» Action item:
From the entries that follow, reproduce exactly and only the lines from the line with "วันที่ 15 ธันวาคม" to the line with "Артисты сменяют друг", endpoints included.

» Records for this task:
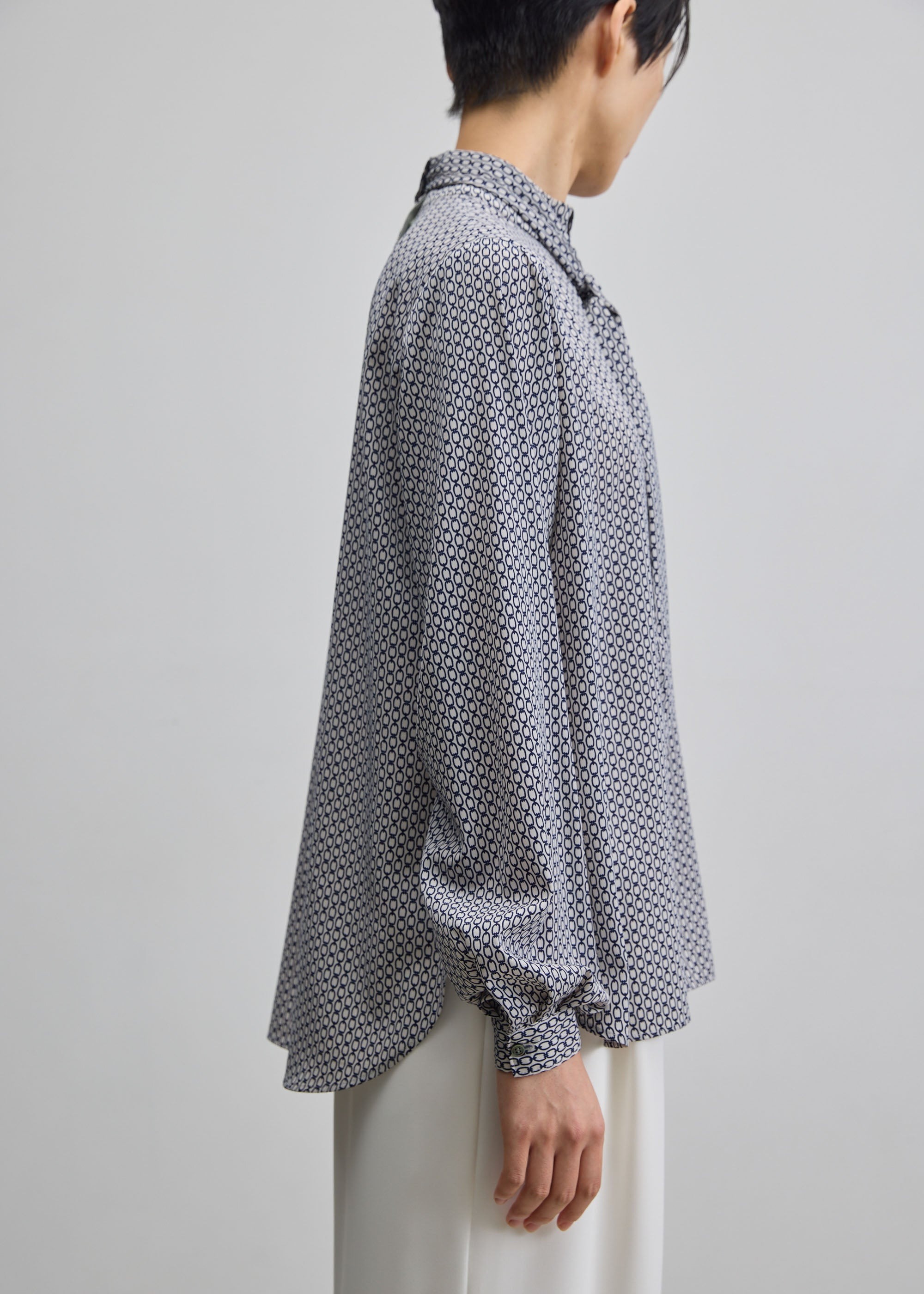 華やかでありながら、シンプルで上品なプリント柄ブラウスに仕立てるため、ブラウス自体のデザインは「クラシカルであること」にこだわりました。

* * *

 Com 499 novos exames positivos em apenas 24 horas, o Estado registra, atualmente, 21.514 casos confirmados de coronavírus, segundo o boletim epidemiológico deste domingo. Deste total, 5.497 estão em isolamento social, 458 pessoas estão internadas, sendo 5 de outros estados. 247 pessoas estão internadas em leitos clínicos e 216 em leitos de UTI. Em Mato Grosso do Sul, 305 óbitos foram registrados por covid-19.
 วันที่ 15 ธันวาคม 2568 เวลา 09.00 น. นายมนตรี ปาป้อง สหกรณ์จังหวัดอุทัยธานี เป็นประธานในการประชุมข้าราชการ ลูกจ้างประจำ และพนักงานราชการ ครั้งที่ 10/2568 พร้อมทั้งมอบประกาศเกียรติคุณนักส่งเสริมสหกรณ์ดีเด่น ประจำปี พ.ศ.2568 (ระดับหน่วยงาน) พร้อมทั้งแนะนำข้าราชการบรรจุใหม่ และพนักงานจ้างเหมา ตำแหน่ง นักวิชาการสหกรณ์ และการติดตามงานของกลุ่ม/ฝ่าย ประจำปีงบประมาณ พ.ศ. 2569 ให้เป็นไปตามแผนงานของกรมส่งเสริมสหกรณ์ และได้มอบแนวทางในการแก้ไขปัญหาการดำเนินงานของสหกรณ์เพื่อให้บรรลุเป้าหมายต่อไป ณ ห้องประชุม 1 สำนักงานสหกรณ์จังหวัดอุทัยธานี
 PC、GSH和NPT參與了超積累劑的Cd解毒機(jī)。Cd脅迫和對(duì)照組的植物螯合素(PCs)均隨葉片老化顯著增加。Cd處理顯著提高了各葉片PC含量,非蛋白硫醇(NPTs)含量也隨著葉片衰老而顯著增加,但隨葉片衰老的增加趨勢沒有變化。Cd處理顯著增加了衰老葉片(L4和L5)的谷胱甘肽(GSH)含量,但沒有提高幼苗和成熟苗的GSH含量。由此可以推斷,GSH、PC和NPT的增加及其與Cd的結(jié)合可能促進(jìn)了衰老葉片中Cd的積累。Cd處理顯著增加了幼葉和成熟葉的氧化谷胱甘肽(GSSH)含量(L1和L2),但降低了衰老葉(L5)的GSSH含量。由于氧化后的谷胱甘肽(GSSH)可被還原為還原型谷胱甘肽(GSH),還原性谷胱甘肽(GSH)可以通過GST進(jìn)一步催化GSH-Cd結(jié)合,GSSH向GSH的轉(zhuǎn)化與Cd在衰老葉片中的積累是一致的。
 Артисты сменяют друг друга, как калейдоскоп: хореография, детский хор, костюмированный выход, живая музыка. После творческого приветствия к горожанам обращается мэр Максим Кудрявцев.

» Task output:
 วันที่ 15 ธันวาคม 2568 เวลา 09.00 น. นายมนตรี ปาป้อง สหกรณ์จังหวัดอุทัยธานี เป็นประธานในการประชุมข้าราชการ ลูกจ้างประจำ และพนักงานราชการ ครั้งที่ 10/2568 พร้อมทั้งมอบประกาศเกียรติคุณนักส่งเสริมสหกรณ์ดีเด่น ประจำปี พ.ศ.2568 (ระดับหน่วยงาน) พร้อมทั้งแนะนำข้าราชการบรรจุใหม่ และพนักงานจ้างเหมา ตำแหน่ง นักวิชาการสหกรณ์ และการติดตามงานของกลุ่ม/ฝ่าย ประจำปีงบประมาณ พ.ศ. 2569 ให้เป็นไปตามแผนงานของกรมส่งเสริมสหกรณ์ และได้มอบแนวทางในการแก้ไขปัญหาการดำเนินงานของสหกรณ์เพื่อให้บรรลุเป้าหมายต่อไป ณ ห้องประชุม 1 สำนักงานสหกรณ์จังหวัดอุทัยธานี
 PC、GSH和NPT參與了超積累劑的Cd解毒機(jī)。Cd脅迫和對(duì)照組的植物螯合素(PCs)均隨葉片老化顯著增加。Cd處理顯著提高了各葉片PC含量,非蛋白硫醇(NPTs)含量也隨著葉片衰老而顯著增加,但隨葉片衰老的增加趨勢沒有變化。Cd處理顯著增加了衰老葉片(L4和L5)的谷胱甘肽(GSH)含量,但沒有提高幼苗和成熟苗的GSH含量。由此可以推斷,GSH、PC和NPT的增加及其與Cd的結(jié)合可能促進(jìn)了衰老葉片中Cd的積累。Cd處理顯著增加了幼葉和成熟葉的氧化谷胱甘肽(GSSH)含量(L1和L2),但降低了衰老葉(L5)的GSSH含量。由于氧化后的谷胱甘肽(GSSH)可被還原為還原型谷胱甘肽(GSH),還原性谷胱甘肽(GSH)可以通過GST進(jìn)一步催化GSH-Cd結(jié)合,GSSH向GSH的轉(zhuǎn)化與Cd在衰老葉片中的積累是一致的。
 Артисты сменяют друг друга, как калейдоскоп: хореография, детский хор, костюмированный выход, живая музыка. После творческого приветствия к горожанам обращается мэр Максим Кудрявцев.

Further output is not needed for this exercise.